Белоснежная салюки бежала по грязному пустырю, мимо офицерского ресторана. Ослепительная чистота, балетная пластика и четкость линий. Все вокруг выглядело тусклым, серым, унылым. Казалось, здесь какая-то свалка или заброшенная стройка. Но ничего не строили. А свалка была везде. Грязь и вонь. Ни капли красоты, ни тени праздника. Никакой хваленой восточной экзотики. Кроме живописных гор на горизонте, ничего здесь не радовало глаз. Салюки попала сюда с другой планеты. Кирилл подумал, что это галлюцинация. А потом вспомнил, что меньше недели осталось до Нового года. И почему-то решил, что тонконогая красавица чудом выбралась из дворца Тадж-Бек, мрачного трехэтажного сооружения, похожего на старинную тюрьму.

Дворец стоял на высоком холме, вокруг – открытое пространство. Дорога к главным воротам обвивала ровной спиралью голый крутой холм. Дворец охраняли национальные гвардейцы, в основном родственники Амина. Их казармы на третьем этаже составляли первую, главную линию обороны. Оттуда они вели круглосуточное наблюдение. Кроме того, семь постов располагалось вокруг дворца. Это была вторая линия обороны. Каждые два часа караул менялся. Третья, внешняя линия – три мотопехотных и танковых батальона. Танки Т-54. Командир охраны майор Джиндад, выпускник Рязанского училища ВДВ. Можно сказать, почти свой.

Всего дворец охраняло две с половиной тысячи человек. Каким образом оттуда умудрилась сбежать собака, непонятно. Амин дорожил своими псами. Древняя арабская порода салюки была его любимой породой.

Салюки похожи на собак, изображенных на гробницах египетских фараонов. Они еще в глубокой древности сопровождали племена кочевников-бедуинов. Их возили на охоту на верблюдах, чтобы раскаленный песок не обжигал нежные лапы.

Для мусульман собака – животное нечистое, их не принято пускать в дома. Только салюки на протяжении многих веков давалось исключительное право жить в доме, под одной крышей с хозяином. Иметь салюки могли позволить себе лишь очень богатые и знатные мусульмане.

Как же удалось проскользнуть белоснежной красавице сквозь посты бдительных гвардейцев? Или это все-таки была галлюцинация? Конечно, что же еще?

Рядом с собакой Кирилл отчетливо увидел светловолосую девочку. Она прошла мимо окон вслед за салюки и исчезла в пыльном тяжелом мареве. Если собака еще как-то могла здесь оказаться, то девочка – нет. Ни за что.

Впрочем, в голове у Кирилла тут же сложилась фантастическая история: она устроилась медсестрой в передвижной советский военный госпиталь.
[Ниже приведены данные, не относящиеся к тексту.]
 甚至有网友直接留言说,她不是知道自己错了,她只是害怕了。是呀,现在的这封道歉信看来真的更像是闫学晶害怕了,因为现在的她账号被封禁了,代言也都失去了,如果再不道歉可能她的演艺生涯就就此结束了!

Он ясно представил себе, как он там лежит раненый, а она склоняется над ним, гладит по стриженой голове, целует, шепчет что-то ласковое.

Отправляясь в Кабул в составе группы «Зенит», курсант Кирилл постоянно думал о своей рождественской девочке. Он знал, что зовут ее Виктория. После той новогодней ночи ему удалось увидеть ее всего один раз, в июне. Тополиный пух напоминал крупный снег, и потому опять она возникла внутри белого облака. Пух был подсвечен закатным солнцем, и опять вокруг нее образовалось нечто вроде сияния.
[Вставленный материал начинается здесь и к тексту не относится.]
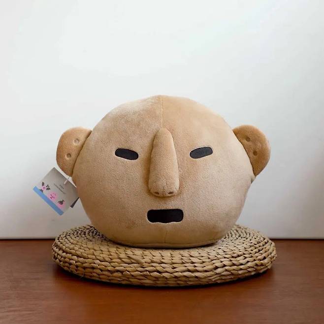 국립진주박물관의 대표 유물은 ‘사람 머리 토제품’이다. 이 유물을 캐릭터로 만든 것이 바로 ‘두기우기’. 약간 치켜세워진 눈과 사각형으로 벌어진 입이 유물과 똑닮았다. 화난 표정이지만 보고 있으면 오히려 마음이 평온해진다. 이름은 머리 두, 즐길 기, 복 우, 기원 기로 ‘관람객과 즐기면서 복을 기원하는 사람 머리 모양 토제품’이라는 뜻이라고. 인형 열쇠고리와 쿠션 담요 2종으로 뮷즈샵(https://tinyurl.com/v4bcmd3m)에서 구매할 수 있다.

Он заехал к бабушке попрощаться. Ему предстояло отправиться на десантные учения на секретный полигон в Балашихе. Вику он увидел, когда вышел покурить на балкон. Она гуляла со своей салюки. На ней были голубые узкие джинсы и белая свободная футболка. Длинные волосы небрежно подколоты. Кирилл бросился в комнату, открыл ящик стола, схватил дедовский полевой бинокль.